If by some miracle I lived through this, I swore to myself that I would find them and I would kill them. Dirty sons of bitches that made me suffer like this, that made thousands suffer like this. I would make them feel the same pain they inflicted on me tenfold, and this thought brought me immense joy. 

Laugh after laugh escaped my frail body rattling it against the bed as I was sent into yet another hallucination. 

Even through the hallucination, I was somewhat shocked at how dark my thoughts were becoming, but why should I care? Why should I care about ending the life of someone who might end mine?

They decided it was fine to torture people for their own sick twisted reasons so would I be such a bad person if I did the same thing to them? How does that make me evil? 
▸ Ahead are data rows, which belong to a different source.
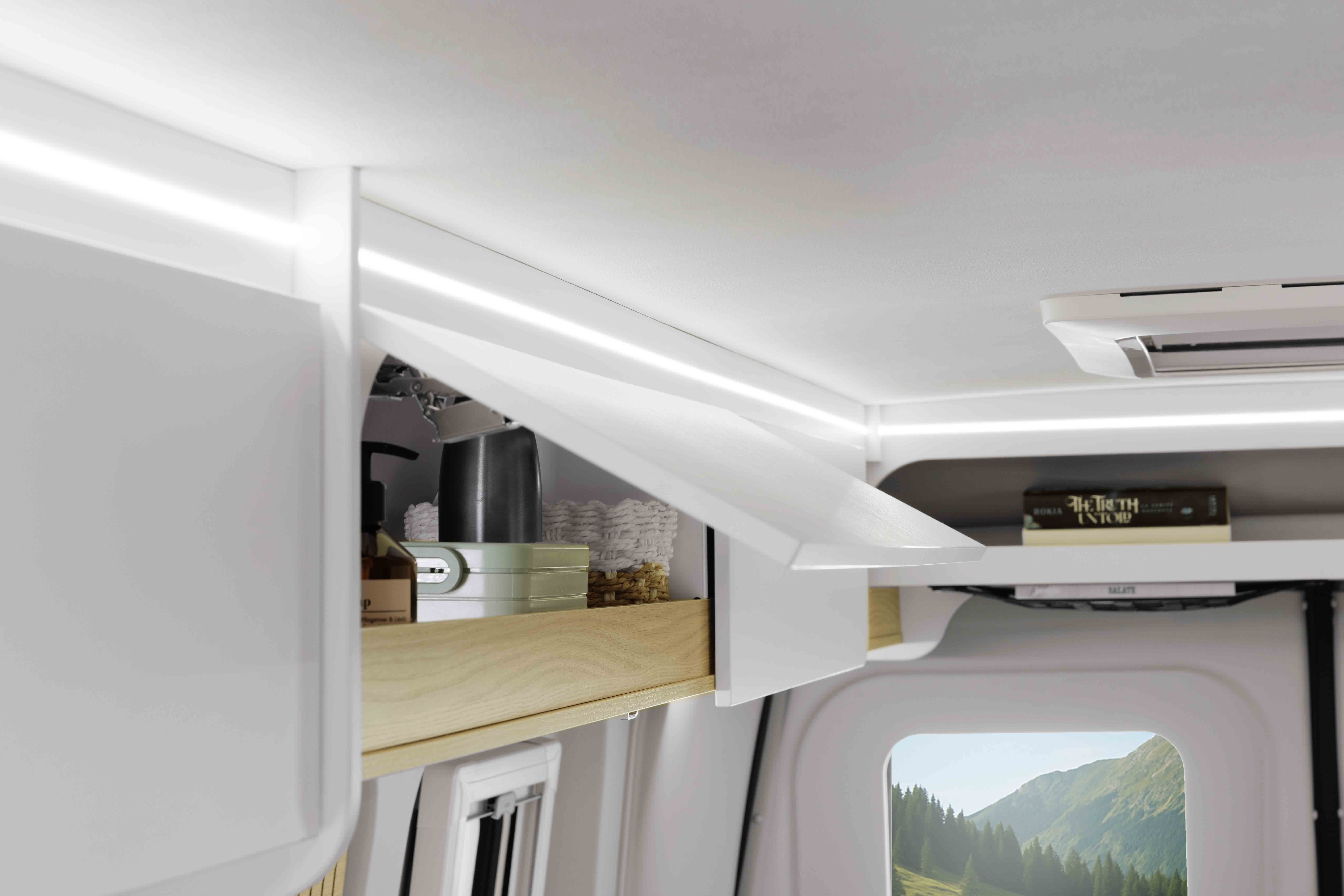 Interiér obytných vozů Ahorn VAN je zpracován s maximální péčí a důrazem na detail. Nábytek je vyroben z lehkých, ale odolných materiálů, které zaručují dlouhou životnost a pohodlí. Každý prvek interiéru je navržen tak, aby byl praktický, funkční a esteticky příjemný.
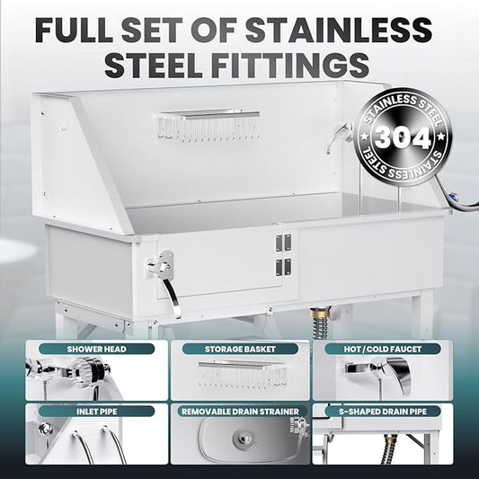 Dog Washing Station for Home, 38" White Professional Stainless Steel Dog Grooming Tub, Height Adjustable Dog Bathing Station, Upgrade Parts, Dog Bath Tubs for Small & Medium Dogs(Left Stair)
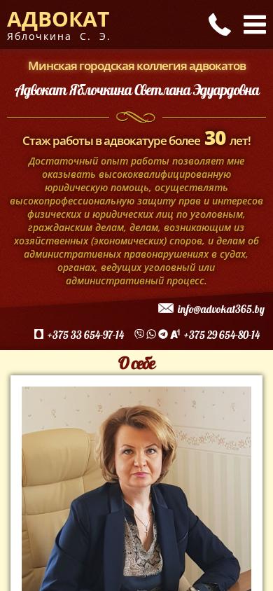 SEO-описание | Адвокат Яблочкина Светлана Эдуардовна. Юридические консультации, составление правовых документов, адвокат по уголовным, гражданским и экономическим делам. Стаж более 22 лет. |
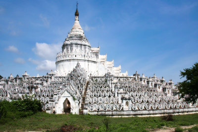 Пагода Синбьюме Пагода Hsinbyume выкрашена в белый цвет и построена по образцу священной буддийской горы Меру. Была построена в 1816 году Багидо. Она посвящена памяти его первой супруги и кузины, принцессы Хсинбьюм (букв. «Принцесса Белый Слон», 1789–1812), которая умерла при родах. Дизайн пагоды сильно отличается от норм дизайна бирманских пагод. Он основан на описаниях мифической пагоды Суламани на горе Меру, а нижняя часть пагоды представляет собой гору. Семь концентрических террас представляют семь горных хребтов, поднимающихся к горе Меру согласно буддийской мифологии. Пагода сильно пострадала от землетрясения в 1838 году и была восстановлена королём Миндоном в 1874 году. Снова сильно пострадала, большая часть конструкции обрушилась во время недавнего землетрясения. https://i.postimg.cc/ydc0Rx8M/after.jpg |
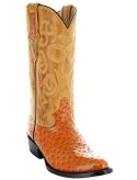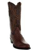 Ostrich Exotic Print Cowboy Boots Comfortable leather lining and Cushioned Insole Classic Round Toe Design Handcrafted Good Year Welt Construction Stacked leather heel with rubber heel for grip.
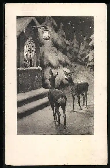 AK Zwei Rehe im Schnee vor einem beleuchteten Haus
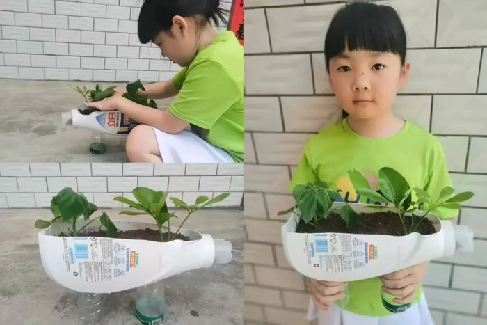“看,用完洗衣液的空瓶也可以变成漂亮的花盆。”东源县第五小学一学生正开心地展示自已的作品。为提升学生劳动素养,东源县第五小学组织开展“变废为宝”创意制作活动,让学生充分发挥主观能动性与创造力,收集生活中纸盒、塑料瓶、旧布料等废旧物品,通过巧妙构思与精细加工,制作出一件件实用或装饰性手工作品。这一过程不仅培养了学生的环保意识,更引导他们将低碳理念转化为日常行动。
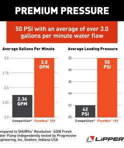 La bomba de agua Flow Max de Lippert Components proporciona un flujo constante de agua a su RV. En comparación con otras bombas de agua en el mercado, Flow Max ofrece un rendimiento de presión superior, con un promedio de 45 PSI y un flujo de agua promedio de 3.30 galones por minuto.
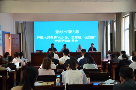 近日,登封市司法局组织召开人民调解“化纠纷、筑防线、促发展”专项活动动员会。记者从会议上获悉,为做好疫情防控后期和疫情后社会矛盾纠纷化解工作,维护社会和谐稳定,促进经济社会发展,5月至12月,登封市司法局将在全市范围内开展人民调解“化纠纷 筑防线 促发展”专项活动。

The only thing that could be heard from my cell for hours was laughter, and screams. Between feeling like I was on cloud nine at one moment and then falling face first off the same cloud in another moment was truly an experience. At times a pleasant one, and at other times, literally hell on earth. My shirt was stained red from the amount of blood I was losing through my nose.

By now, I was very accustomed to the symptoms, but never the pain, it was excruciating every single time and there was nothing I could do except scream. So much at times that my mouth had that copper metallic taste from ripping my vocal chords. The pain was often so bad that it rendered me unconscious and well this time was no different. 

I continuously drifted in and out of sleep with not much else to do. I could barely sleep, barely eat or even move around anymore. Far from me to know why they thought that anyone could live through these conditions, if I had the strength to, I would've most likely put myself through a wall by now. 

I bet those sick bastards were watching me lose my mind, lose my dignity and pride as a doctor. I wouldn't be surprised if that were the case, why should I be, to them I was only subject 9.